А. Щеголев «Зверь-баба»1.
Через двадцать минут он сидел в вагоне электрички, катившей в сторону Царского Села. Над ухом выкрикивали свои заученные наизусть рекламные монологи разносчики всевозможных полезных и нужных товаров. За окном свежей июньской зеленью мелькали поля и деревья. Тягостное чувство, возникшее после встречи с Тамарой, помаленьку отпускало. Конечно же, она ничего не знала и не о чем не догадывалась, и никакой двусмысленности в ее словах не было, все якобы прозвучавшие намеки лишь плод взбудораженного Пашиного воображения…
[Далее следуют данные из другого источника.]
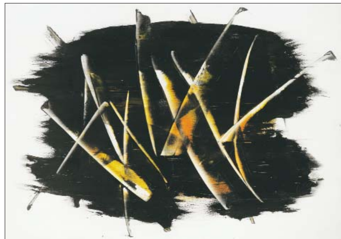
Reigl Judit: Tömbírás, 1959-1960, 145x198 cm

• Erdész & Maklár Fine Arts aukció 2008. december 9., 17 óra, Néprajzi Múzeum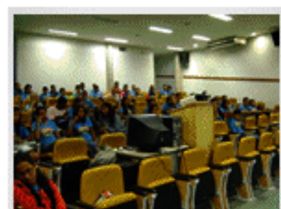
Seminário Atendimento ao Cliente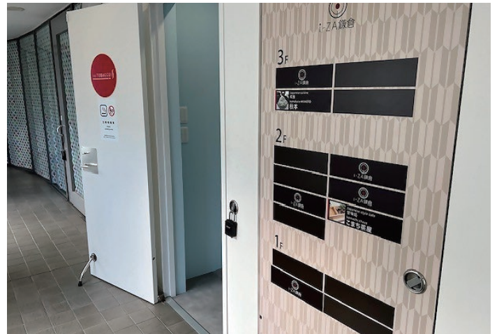
10 3階に上がると喫煙所が見えます。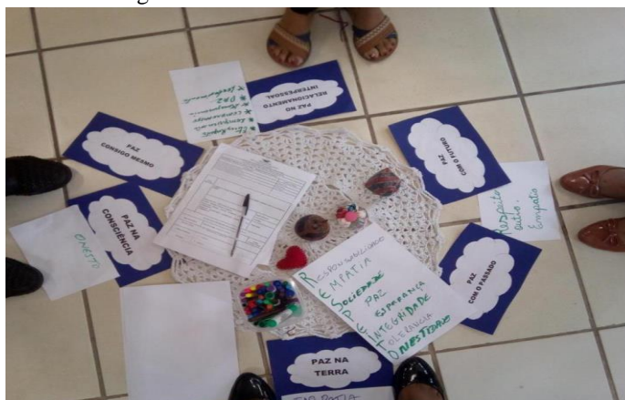
Figura 2. Encontro Círculo de Conflito

No círculo restaurativo de conflito, estava presente a vítima e o agressor, a facilitadora e eu acadêmica de direito, durante o círculo fora feitas as apresentações, uma dinâmica de escrever os valores que iriam, estão presentes naquele momento, a facilitadora colocou num papel a palavra respeito e com cada letra, cada um colocava uma palavra. Após essas introduções a facilitadora entrou no teor do conflito, em que entregava o objeto da palavra para cada um, ambos tinham seu momento de falar e a vítima em todo momento chorava bastante, era evidente a necessidade de que o agressor escutasse tudo que ela estava sentida e que ele reconhecesse que errou com ela. Como participante foi forte aquela situação tinha momentos que queria chorar e abraçar aquela mulher para consolar, mas me mantive firme durante todo o círculo mesmo com essa vontade interior. Após o círculo terminar ambas as partes foram para sala do setor psicossocial para lavrar o acordo entre eles.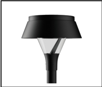
SKVER Reflektor ULR Muster 2 RAL9005 (421518)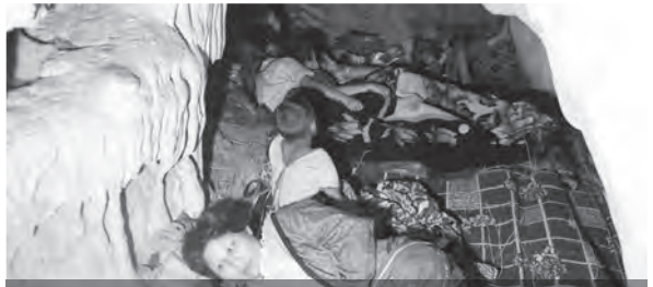
သုးမိဖိရဲကတီယုဟဲခဲလီတင် လီကဝီဖိတဘဉ်စုင်အိန်ကဒုလဲ လဲပုလဲပု၊ ပျါပုလဲလဲန့မ့ဆါ . တင်ဂီ-ခဲစါ

ပုထုလံဖိဒီး လီကဝီကမျှါတဖန် မ့ပျ တင်မံညါဖိလဲ အခိဆဲးဝဲဒုန် န့ဆဉ်တင်တတဉ်တ နါတဘိယုလီဒီး မ့ပျသ့ပျတဖန်လဲ အတီခိန်ရိန် ဝဲမတင်လာတင်ဒီးသဒါ ထံကီအဟိန်ခိန်ကပံင်၊ သ့ ပျှ၊ ဒီးထံကျိထံကွံင်တဖန်န့လီ။ စးထိန်လဲမိပံ ဖံဖုအစီဒီး တုလီလဲပစီ တစီဘဉ်တစီန့ အဲ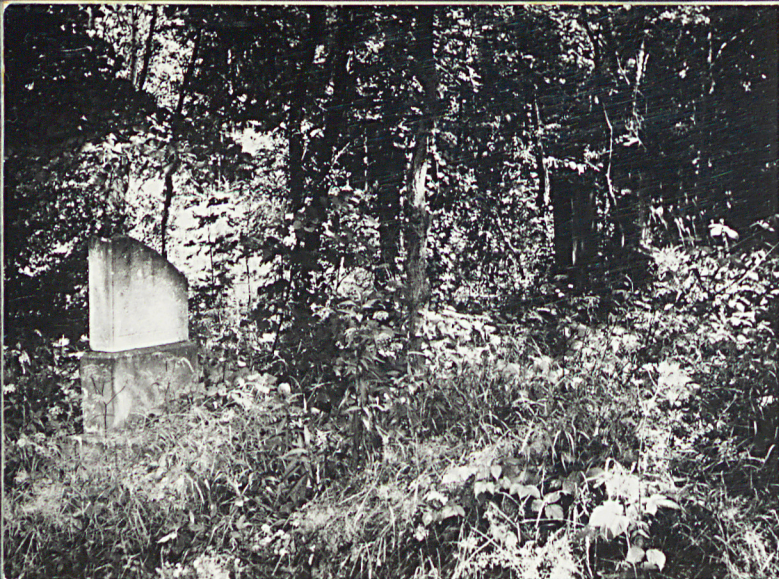
1. Nagrobki ewangelickie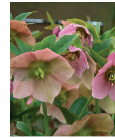
Helleboris orientalis (nieskruid) Hoogte: 30-40cm Bloeit: januari-april Standplaats: halfschaduw-schaduw

Он почти успокоился, когда дверь вагона в очередной раз откатилась в сторону — но вместо бродячего продавца в нее протиснулся мужик с баяном, здоровенный и не совсем трезвый.
— Сейчас вам спою, — без обиняков объявил мужик. Тут же растянул меха и заголосил:
Среди украинских просторов,
Среди высоких ковылей,
Филипп Бедросович Киркоров
Скакал на рыжей кобыле…
Он был в голубенькой фуфайке
И в красных плисовых штанах,
Он пел народну песню «Зайка»
Слеза плыла в его глазах…
А в месте том, где эта Зайка
С Максимкой Галкиным ушла,
Мокра была его фуфайка,
Навзрыд рыдала кобыла…
Последние две строчки мужик с чувством проголосил аж три раза. Публика оценила — одни сдержанно улыбнулись, другие от души посмеялись. Мужик стянул с головы засаленную кепку.
— Сограждане! — проникновенно возвестил он. — Помогите самодеятельному артисту похоронить жену! Поминки-то мы уже справили, на полную катушку помянули, — так что хоронить не на что стало! Пожертвуйте овдовевшему артисту, кто что сможет!
И он двинулся по проходу. В подставленную кепку летели монеты и бумажки — достаточно обильно. Похоже, чистосердечное признание — что похоронные деньги все как есть пропиты — нашло отклик в душах сограждан.
Паша попрошайничающих индивидов спонсорской помощью не баловал из принципа — ни «погорельцев», ни «беженцев», ни «обокраденных», ни собирающих «на лечение»… И сейчас тоже отвернулся к окну, проигнорировав протянутую кепку.